Students’ short will screen at Rendezvous With Madness festival

A mini-documentary called The Wall made by three York film students will be shown Nov. 10 at the Rendezvous With Madness Film Festival in Toronto.

The two-minute video follows York medical historian Geoffrey Reaume as he gives a tour of a brick wall built by psychiatric patients more than 100 years ago around what is now the Queen Street Mental Health Centre. The Wall is one of four mini-documentaries commissioned by York’s Institute for Health Research to highlight health research at the University. The videos were produced by 13 graduate film students and showcased at a Faculty of Health open house in January.

Left: Kathleen Mullen (far left), Chris McCarroll and Jane Kim

Students Jane Kim, Chris McCarroll and Kathleen Mullen wrote, directed and filmed The Wall as a project for their production class. The short features Super 8 images of the wall, video footage of the tour, historical stills from the Centre for Addiction & Mental Health (CAMH) and voice-over by Reaume. The two-minute film took about two months to finish.

When the three discovered that Reaume gives tours of the wall, they quickly recognized the visual power of the brick structure to suggest Reaume’s research, said Mullen.

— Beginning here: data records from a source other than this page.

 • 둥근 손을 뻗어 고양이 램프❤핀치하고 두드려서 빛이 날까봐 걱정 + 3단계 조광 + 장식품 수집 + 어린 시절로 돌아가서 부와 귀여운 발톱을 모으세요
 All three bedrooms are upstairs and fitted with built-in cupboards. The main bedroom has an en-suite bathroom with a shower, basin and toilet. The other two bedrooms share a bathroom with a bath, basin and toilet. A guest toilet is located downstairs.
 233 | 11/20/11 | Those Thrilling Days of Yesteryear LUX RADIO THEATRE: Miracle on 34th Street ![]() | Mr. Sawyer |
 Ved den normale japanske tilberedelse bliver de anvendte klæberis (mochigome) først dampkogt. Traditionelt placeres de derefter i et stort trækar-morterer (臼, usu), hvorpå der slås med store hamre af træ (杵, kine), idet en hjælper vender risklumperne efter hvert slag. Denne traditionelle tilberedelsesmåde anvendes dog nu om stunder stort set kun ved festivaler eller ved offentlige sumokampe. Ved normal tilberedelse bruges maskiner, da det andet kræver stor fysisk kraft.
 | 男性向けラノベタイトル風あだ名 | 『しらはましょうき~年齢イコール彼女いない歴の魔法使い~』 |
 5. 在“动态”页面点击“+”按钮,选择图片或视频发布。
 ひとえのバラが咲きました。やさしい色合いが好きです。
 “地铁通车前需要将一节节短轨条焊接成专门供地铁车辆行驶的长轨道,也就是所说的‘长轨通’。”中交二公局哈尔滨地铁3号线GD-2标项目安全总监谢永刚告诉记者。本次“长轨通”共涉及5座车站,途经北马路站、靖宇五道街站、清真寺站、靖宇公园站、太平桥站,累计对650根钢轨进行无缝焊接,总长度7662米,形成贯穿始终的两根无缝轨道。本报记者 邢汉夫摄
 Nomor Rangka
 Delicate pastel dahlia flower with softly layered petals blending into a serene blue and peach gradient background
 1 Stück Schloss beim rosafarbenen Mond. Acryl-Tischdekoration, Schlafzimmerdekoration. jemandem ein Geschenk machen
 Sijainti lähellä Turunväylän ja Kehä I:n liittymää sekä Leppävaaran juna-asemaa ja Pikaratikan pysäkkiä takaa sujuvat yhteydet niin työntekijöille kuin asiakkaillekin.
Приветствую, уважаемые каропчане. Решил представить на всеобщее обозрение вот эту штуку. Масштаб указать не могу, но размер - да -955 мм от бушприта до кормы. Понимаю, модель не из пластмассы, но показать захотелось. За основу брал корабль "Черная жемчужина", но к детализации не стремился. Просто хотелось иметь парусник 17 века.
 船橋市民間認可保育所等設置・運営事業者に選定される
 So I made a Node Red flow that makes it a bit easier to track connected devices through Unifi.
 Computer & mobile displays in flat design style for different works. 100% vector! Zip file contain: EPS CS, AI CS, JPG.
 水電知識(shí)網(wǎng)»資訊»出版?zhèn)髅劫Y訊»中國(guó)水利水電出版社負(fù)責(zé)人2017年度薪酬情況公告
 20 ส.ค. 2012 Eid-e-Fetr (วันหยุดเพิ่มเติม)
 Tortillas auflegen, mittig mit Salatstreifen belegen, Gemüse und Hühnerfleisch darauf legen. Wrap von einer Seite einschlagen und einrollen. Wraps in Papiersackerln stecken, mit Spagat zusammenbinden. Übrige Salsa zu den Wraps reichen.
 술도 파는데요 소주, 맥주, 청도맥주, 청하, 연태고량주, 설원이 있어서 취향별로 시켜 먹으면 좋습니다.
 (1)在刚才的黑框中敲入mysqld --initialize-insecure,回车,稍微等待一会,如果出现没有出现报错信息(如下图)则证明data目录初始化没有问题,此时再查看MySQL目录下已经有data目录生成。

Reaume, a mental health system survivor, teaches critical disabilities history and health ethics at York. He still leads wall tours as a kind of "moral therapy" to those who have underestimated the talents of, or mistreated, psychiatric patients, and to give psychiatric survivors a sense of their own history. He uncovered the history of the wall while researching his doctoral thesis, Patients Past: Patient Life at the Toronto Hospital for the Insane, 1870-1940, published in 2000.

Right: Geoffrey Reaume (front) gives tour of a wall built more than 100 years ago by unpaid psychiatric patients 

 "The wall preserves history," he told YFile earlier this year. "It is a symbol of prejudice, confinement and oppression. By preserving it we can liberate their stories and ensure that the men and women who lived, worked and died behind the wall are remembered and respected as worthwhile human beings." A Rendezvous panellist in previous years, Reaume sees the festival in a similar light – as a chance to highlight the issues around mental health.

Mullen, who curated a program of shorts at last year’s Rendezvous With Madness Film Festival, submitted The Wall for this year’s festival. The Wall will be shown on Saturday, Nov. 10 at 1:30pm in the Workman Theatre, CAMH, 1001 Queen St. W.